Peggy McIntosh, a Harvard graduate and professor of
women’s studies, was one of the first to publish on white privilege. She wrote
in a 1988 paper that her privilege had made her an oppressor, and lamented that
her “schooling gave [her] no training in seeing [herself] as an oppressor, as
an unfairly advantaged person.” Being white not only benefited her group, she
argued, it oppressed other races, as evidenced by the fact, for example, that
she could “talk with my mouth full and not have people put this down to [her]
race.” Such privilege, she argues, “simply confers dominance, gives permission
to control.” She alludes to the notion of hierarchy as oppressive but then
offers no solution, except to urge white people to feel guilty.
Peterson mocked this paper last year during a lecture for
the University of British Columbia Free Speech Club. He said McIntosh’s list of
46 privileges enjoyed by white people could apply to different groups of people
in different countries, which means that privilege doesn’t have anything to do
with being white or even with race but with being wealthy or being the
majority. He argued further during his Queen’s lecture that the radical Left
has yet to realize that their insistence on dealing with groups, instead of
individuals, will leave them in the comedic position of dividing their group
identities continually (as in the case of the LGBT community, who continue to
add letters to their acronym) until they finally arrive at the individual, the
ultimate minority.
“It turns out we don’t fit into one group, any of us, we
fit into multiple groups and it’s not obvious at all which groups should be of
paramount importance,” he said, noting that people can be divided by race,
ethnicity, gender, socioeconomic class, intelligence, personality, etc. The
individual is the most important entity, he argued.

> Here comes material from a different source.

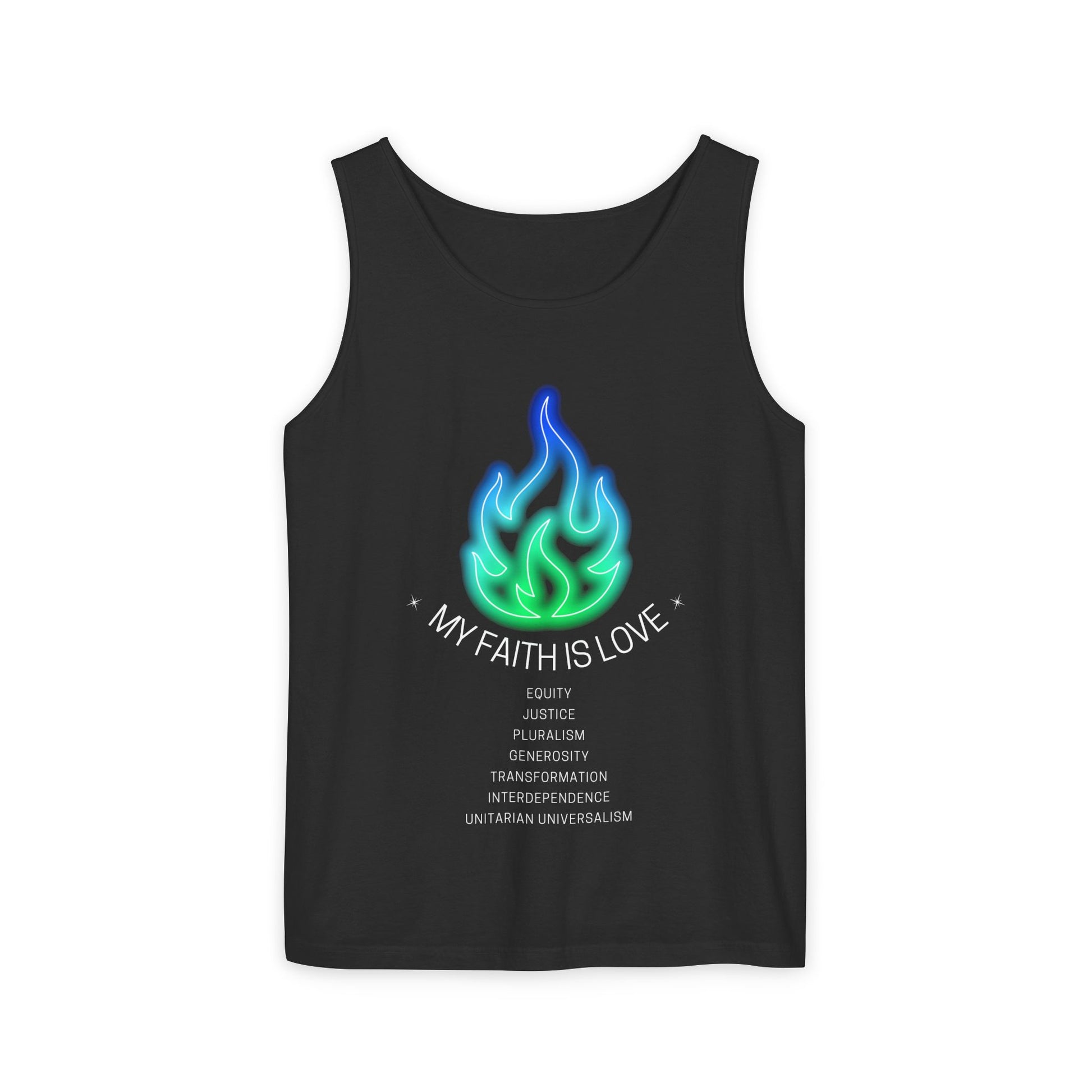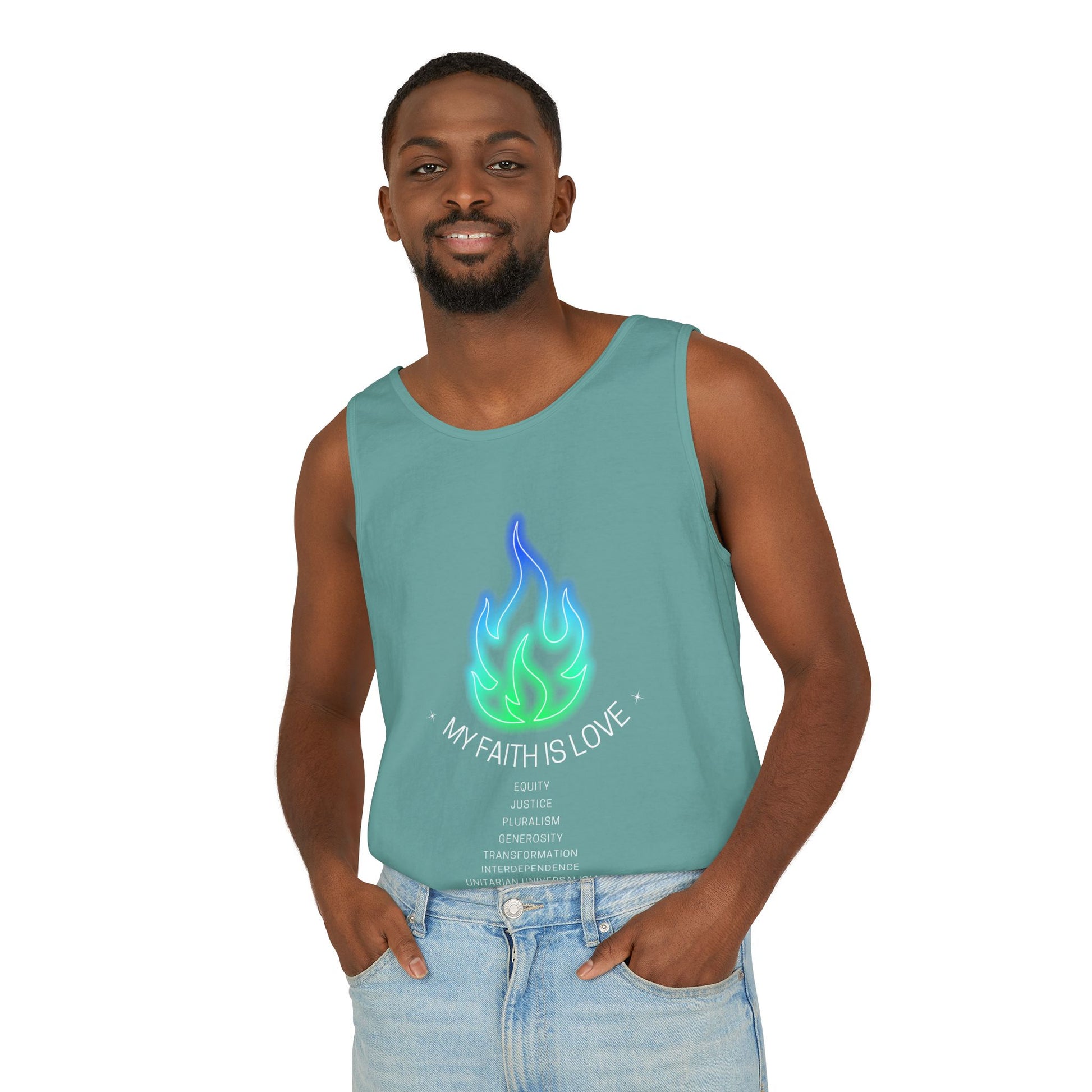 My Faith is Love - Green and Blue Version - Unisex Garment-Dyed Tank Top

When group-identity
politics disappears, we “meet soul to soul, so to speak, and we meet in a
situation where we hold sole responsibility for our actions.” Meeting the
individual as an individual and not as a member of a certain group will allow
for real multiculturalism, instead of the great danger of tribalism, he said.
Peterson not only rejects the notion of white privilege
but finds in it a logic that can be used to justify violence against the
supposed oppressor group. His main problem with it (and with many similar
inventions) lies in his belief that the individual, and not the group, should
carry guilt; anything else, he argues, is racism. “The idea that you can target
an ethnic group with a collective crime, regardless of the specific innocence
or guilt of the constituent elements of that group — there is absolutely
nothing that’s more racist than that. It’s absolutely abhorrent,” he said.
He argues that the victim-status mentality can lead (and
often has led) to genocide. He refers to the treatment of the so-called kulaks
in the Soviet Union in the 1920s: “They were the most productive element of the
agricultural strata in Russia. And they were virtually all killed, raped, and
robbed by the collectivists who insisted that because they showed signs of
wealth, they were criminals and robbers.”
Still, Peterson doesn’t let anyone off the hook. He
acknowledges that those who enjoy wealth today have come by it largely as a
consequence of “historical catastrophe” — a reality that should motivate you to
“work to deserve” these privileges, which will in turn make the world a better
place for everyone. (He does, after all, have a penchant for telling people to
grow the hell up and take responsibility.) “But not necessarily [because] you
are any more guilty personally — you’re guilty as hell personally! — but so is
everyone else. That’s the critical thing. So is everyone else.”
During the Q&A portion of a lecture Peterson gave in
Los Angeles in January, a man in the crowd asked how Peterson responds to those
who say he is starting a cult. His short answer summed up his philosophy
nicely: “Can you have a cult of individuals?”